"Was bleibt" im Berlinale-Wettbewerb: In der Schwebe
In "Was bleibt" erzählt Hans-Christian Schmid von Familie, Krankheit und Verlusten. Die Kamera lässt den Figuren Raum, die Stimmung bleibt in der Schwebe.
Ein Film, der "Was bleibt" heißt und in einem Bungalow in einem wohlsituierten Vorort spielt, in dem er seine Figuren kammerspielartig einschließt - da weiß man schon: Jetzt wird es gefühlig. Und jetzt geht es ans Eingemachte.
Hans-Christian Schmids Wettbewerbsbeitrag folgt einer typischen Dramaturgie. Die Kleinfamilie kommt für ein Wochenende noch einmal im Haus der Eltern, die auf die Sechzig zugehen, zusammen. Zwei Brüder. Dem jüngeren wurde in die Nachbarschaft ein eigenes Reihenhaus mit Zahnarztpraxis hingesetzt. Der Ältere kommt aus Berlin, mit vierjährigem Sohn; von dessen Mutter lebt er gerade getrennt. Tage im Garten. Erdbeerkuchen. Gefüllte Cannelloni. Und dabei bricht das Unausgesprochene und Verheimlichte auf.

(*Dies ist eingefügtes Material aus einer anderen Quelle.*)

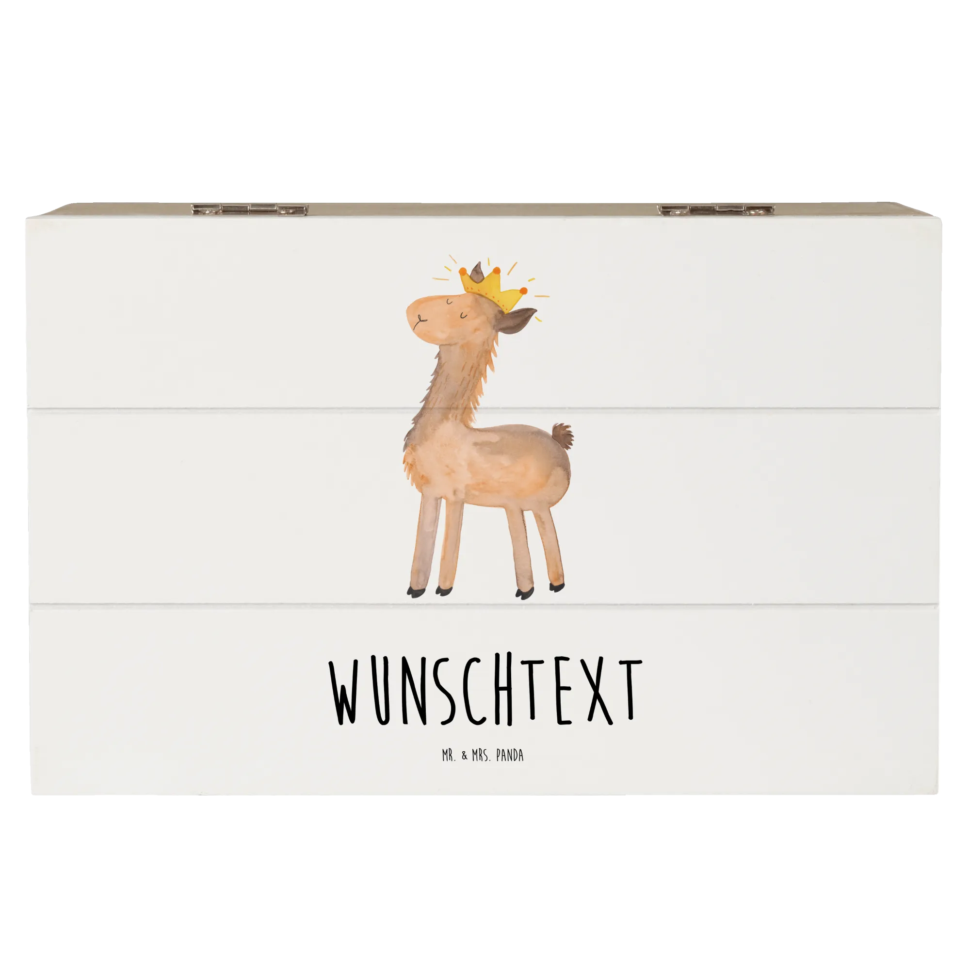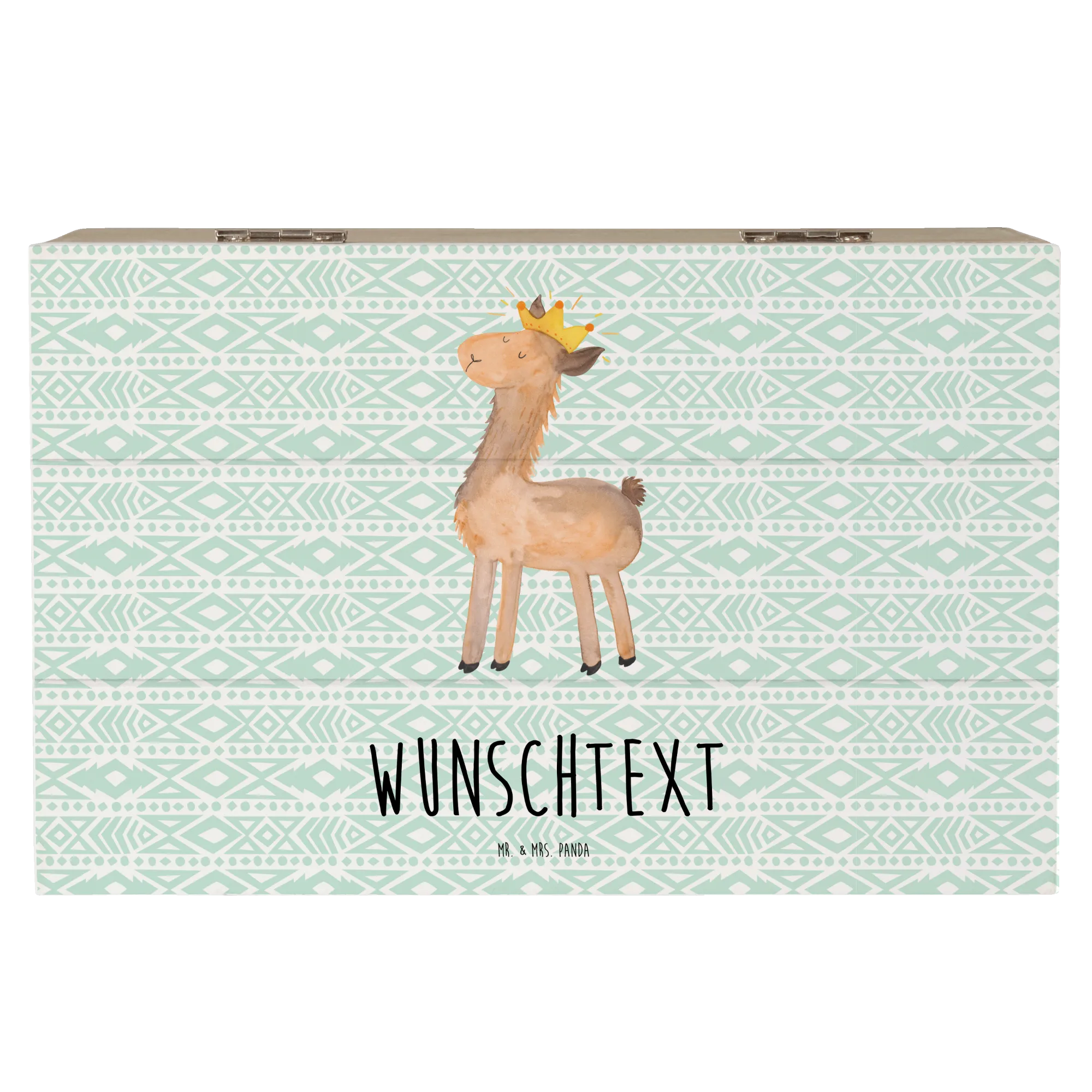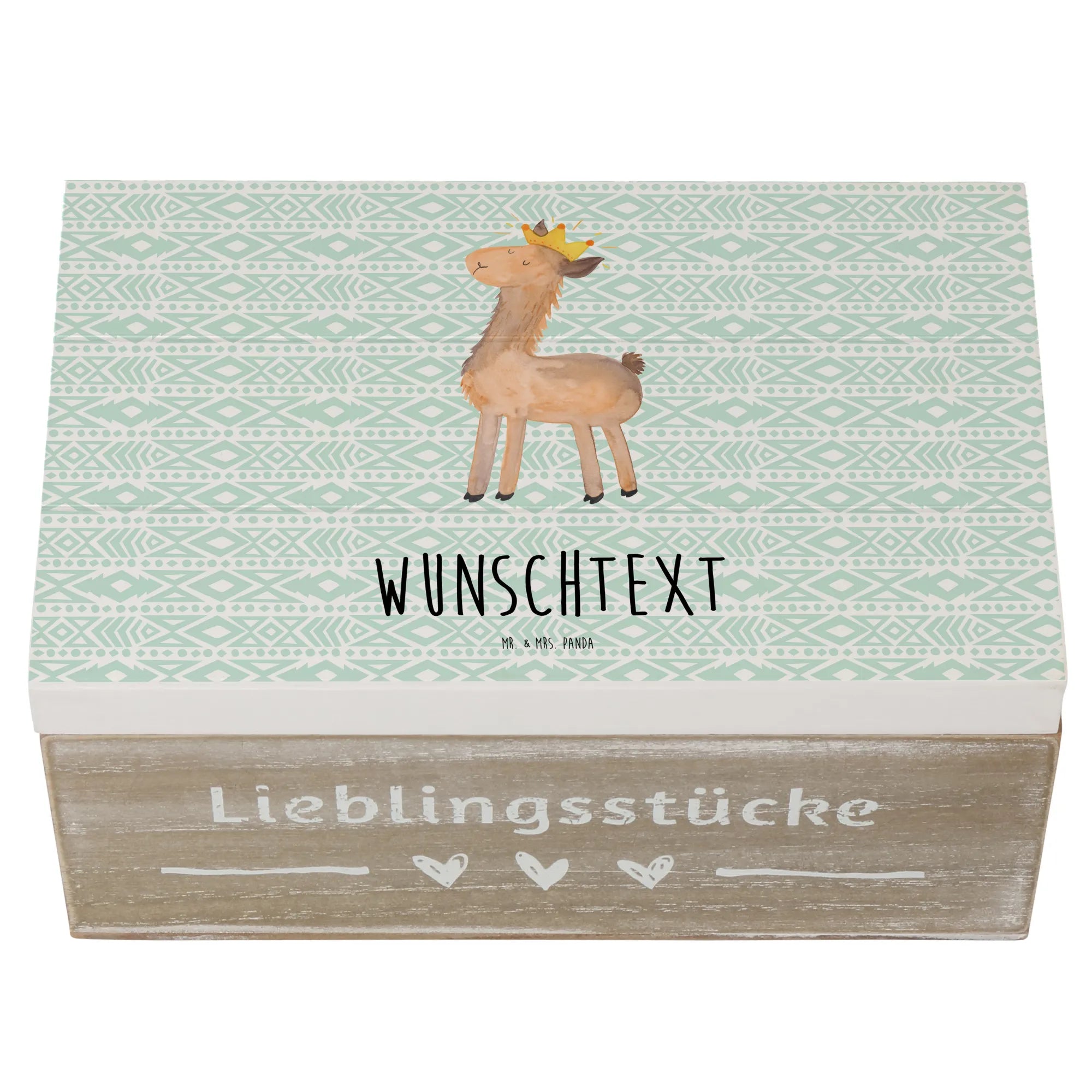 Personalised wooden chest lama king - 22 x 15 cm - Aztec Blue

Zwei Entscheidungen, die das eingespielte Beziehungsgeflecht durcheinanderwirbeln, gibt es auch. Der Vater zieht sich von seinem Verlags-Chefposten zurück und will jetzt Bücher schreiben, was das Drehbuch zu einem netten Witz nutzt. Thema des geplanten Buches: Erzählstrategien bei den antiken Assyrern und Sumerern. "Da hat", so der Vater, "noch niemand drüber geschrieben!" Und die Mutter, manisch depressiv, die "mit meiner Krankheit das 30. Jubiläum feiert", hat ihre Medikamente abgesetzt. Das wirbelt im Gefühlskosmos der Kleinfamilie alles durcheinander.
Hans-Christian Schmid interessiert sich für die Momente von Nähe und Irritation, die in so einer Konstellation entstehen, ohne jetzt mit ganz großem familientherapeutischen Ehrgeiz oder Neurosenaufdeckungsfuror an die Sache heranzugehen. Die Kamera lässt den Figuren Raum, und von der Stimmung her ist das Geschehen keineswegs dramatisch hochgepitcht, sondern immer in der Schwebe gehalten.

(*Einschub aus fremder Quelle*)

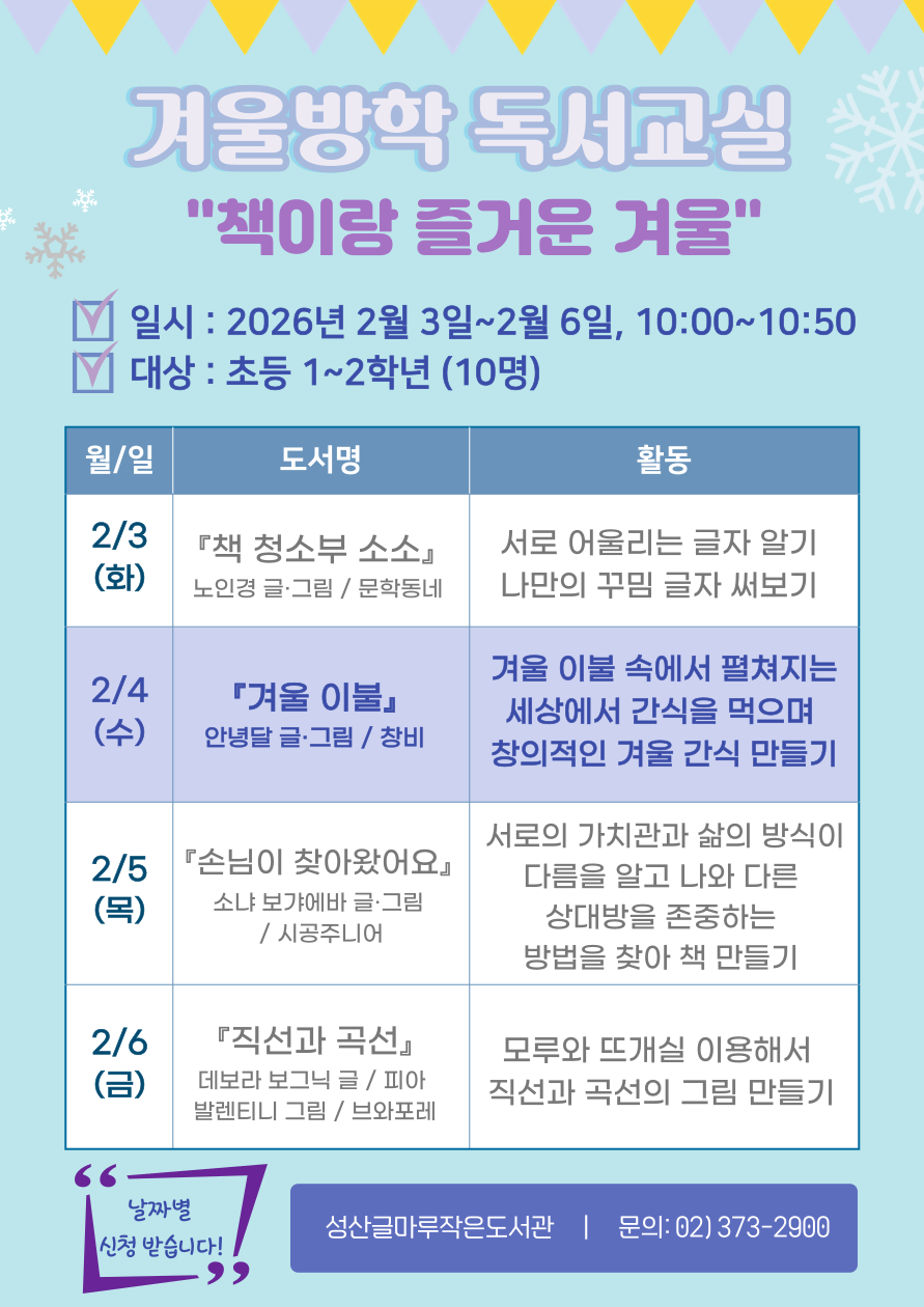 겨울방학 독서교실 “책이랑 즐거운 겨울” 일시: 2026년 2월 3일~2월 6일 10:00~10:50 대상: 초등 1~2학년 (10명)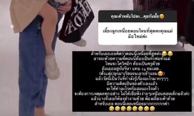 ขณะที่มีคนถามว่าเลี้ยงลูกเหนื่อยตอนไหนที่สุดคะคุณแม่มือใหม่ค่ะ เธอ ตอบว่า สำหรับเธอ เธอคิดว่าตอนนี้เหนื่อยที่สุดค่ะ อาจจะด้วยความที่ตอนนี้ต้องเป็นทั้งพ่อทั้งแม่ ไหนจะโควิดอีก ต้องเป็นครูด้วย คือเธออยู่กับรีนา แทบ24ชม.เลย ตั้งแต่ปลุกมาเรียนจนเอาเข้านอน แล้ววัยนี้กำลังเป็นวัยที่รู้เรื่องอะไรมากๆๆๆ มีความคิดเป็นของตัวเองแล้ว จะให้ทำอะไรหรือสอนอะไรเค้า จะต้องการเหตุผลทุกอย่าง ไม่ได้เชื่อฟังง่ายๆ เหมือนตอนเด็กแล้วค่ะ แล้วบางทีเธอก็ต้องทำงานด้วย ต้องเลี้ยงเค้าด้วย สำหรับเธอตอนนี้เลยเหนื่อยมากกกกกกค่า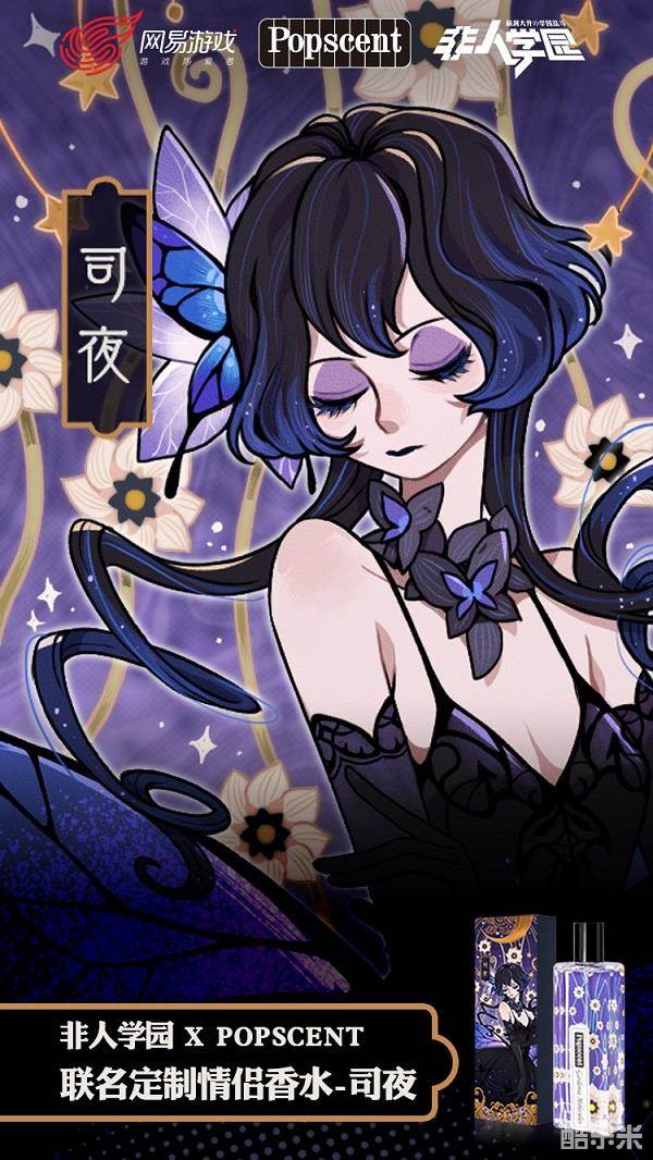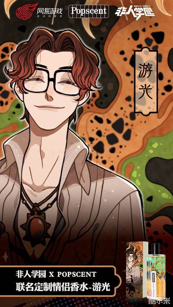 “游光&司夜”作为《非人学园》的情侣代表,他们坚贞的爱情让人格外动容。随着二人组队登场,撒落一大把狗粮,国产香水品牌POPSCENT更一眼相中他们,将他们选为情侣香水代言人。在POPSCENT推出的全新波普主题系列香水中,“守夜人”司夜化身富有魔力的栀子清香,包装上的小白花朵朵绽放于紫蓝色背景,诉说不为人知的夜之魔咒。男神游光则代表温暖的柑橘香型,有别于常规的酸甜,混合了青柠檬、西柚、豆蔻,带着点西域香料的魅惑风,让原始的气息轮回变异升级。

Momente der Selbsterkenntnis
Lars Eidinger und Sebastian Zimmler sind als Bruderpaar gut gegeneinander abgegrenzt. Schmid will viel zeigen bei ihnen. Lars Eidinger stolpert als Stellvertreter der Zuschauer sowohl durch sein Gefühlsleben als auch durch dieses Wochenende und gewinnt allmählich an Haltung. Sebastian Zimmler kämpft darum, den Absprung von den Eltern erst noch zu schaffen. Schmid gewinnt dem viele intensive Momente ab.
Wenn einem etwas auf die Nerven gehen kann, dann eher die allzu kostbar ausgesuchte Ausstattung des Films, allerdings sollen sie ja auch bedrückend wirken: der alte R4 als Zweitwagen, die perfekten Sofas und offenen Küchen.
Corinna Harfouch spielt die Mutter und damit das Haupträtsel dieses Films. Um Schuld und Sühne geht es nicht, untergründig eher um die Trauer und Verluste, die unweigerlich entstehen, wenn alle Beteiligten 30 Jahre mit so einer Krankheit fertig werden müssen. Die Harfouch hat dabei einige kunstvoll gesetzte Momente der Selbsterkenntnis und einen großen Auftritt in einer wirklich tollen Szene: Die ganze Familie stimmt ein in das Chanson "Du lässt dich geh'n", mit dem Charles Aznavour mal einen Erfolg auf Deutsch hatte.
Wenn es so etwas wie einen Bösen oder einen Verlierer in diesem Spiel gibt, dann ist es der Vater, sehr körperlich gespielt von Ernst Stötzner. 30 Jahre lang hat er in dieser Familie alles geregelt, am Schluss steht er als überversorgend und allzu dominant da - während Lars Eidinger in einer auf der Kippe zwischen Fragwürdigkeit und Eindringlichkeit spielenden Szene der Mutter noch bis in die mythischen Tiefen des deutschen Waldes folgt. Er kommt dann aber, wie der ganze Film, auch gut wieder raus.